Before you give any presentation, I always recommend creating a digital document for your audience that, at the very least, provides an overview of what you discussed and any key takeaways or data they may want. And then, very early in your presentation, let your audience know about your handout. This act of goodwill helps you connect with your audience in four important ways:

  1. Now the audience doesn’t have to worry about taking notes, and they can really focus on you.
  2. The fact that you have notes ready for them demonstrates both that your presentation contains great content that they would otherwise need to write down and that you’ve planned enough to invest your time in assembling these notes for them.
  3. If there are valuable notes to be taken and you’ve invested your time doing it for them, you just offered your audience a great gift, and you’re not even five minutes into your presentation.
  4. Now that you have something to share with your audience, you have a reason for the all-important post-presentation touchpoint, opening the door for future collaboration. In a future post, I’ll share some ways to facilitate this post-presentation outreach.

So why do you not want your audience taking notes while you’re talking? Well, this very topic has been researched a good deal. A 2006 analysis in the journal of Educational Psychology by professor Keiichi Kobayashi at Shizuoka University in Japan examined 33 separate academic studies on note taking/reviewing to see if they could uncover any consistent techniques that improved retention in learners.

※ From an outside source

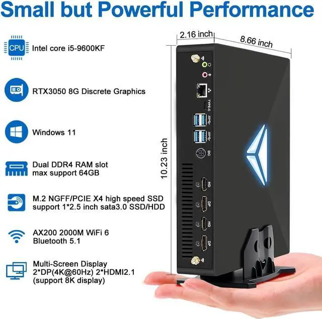 CPU ProcessorCore I5-9600KF, 6 Cores 6 Threads, 9M Cache, Processor Base Frequency: 3.7GHz (up to 4.6GHz)MotherboardB360 all solid-state motherboard with TPM2.0 moduleDiscrete GraphicsGeForce RTX3050 8G with ray tracing, memory frequency: 14000MHz, 8GB GDDR6, 128bit.O/SPre-installed Windows 11 Pro, Also support Windows 10 pro, Linux, ubuntu, CentOS.RAM2 x so-dimm RAM DDR4 slot, max support 64GB.SSDM.2 NVME SSDHDDSupport 1 x 2.5 inch sata 3.0 SSD/HDDWireless TechnologyBuilt in AX200 WiFi6 & Bluetooth 5.1Gigabit LANIntel255 2.5G network card, supporting RJ45 100M/1000MVideo Output2*HDMI+2*DP support 4-screen display output, HDMI support 4K HD output, DP 1.4a support 8K HD outputAdditional FunctionsSupport 24 hours boot, Wake on LAN, Auto Power onEfficient Heat DissipationInside the chassis are four all-copper turbo fans and eight vacuum heat pipes for powerful cooling performance.Package Including1*Mini Computer, 1*HDMI Cable, 1*DP Cable, 1*Bracket, 1*AC Adapter with Cable, 2 * External Antennas Mini PC comes with Core i5-9600KF processor (6 Cores 6 Threads, 9M Cache), 14nm Lithography Technology. Burst Frequency 4.6GHz. High-Performance Processor (A fast & smooth and power-saving mini PC, Designed specifically for large gaming, office work, education, light gaming and industry, home theater pc.)

What Kobayashi found was that students who were provided instructor notes across these studies retained more information than counterpoints who did not*.

While this study was focused on the classroom and not the conference or meeting room environment, it intuitively makes sense that attendees benefit from a structured way to later review your presentation, and that you would likely not want them distracted by extensive note-taking during your presentation. We know that note-taking requires significant cognitive load and distracts your audience, who cannot write as fast as you can speak, and who will likely struggle to physically encode what you just said while still listening to what you’re saying next. Kobayashi discusses three separate studies that identified note-taking as a problematic and challenging approach: in one psychology class students recorded an average of less than 50% of information needed for the exam; in another study, students often failed to draw critical diagrams and missed lecture notes; and the final study concluded that many students are simply poor note-takers and do not benefit from taking or reviewing notes.

Even if your audience can take effective notes while you’re presenting, it will undoubtedly be mentally taxing for them and risk a dip in their focus. So why not tell them that you’ll provide notes afterwards and let them focus on you while you’re talking?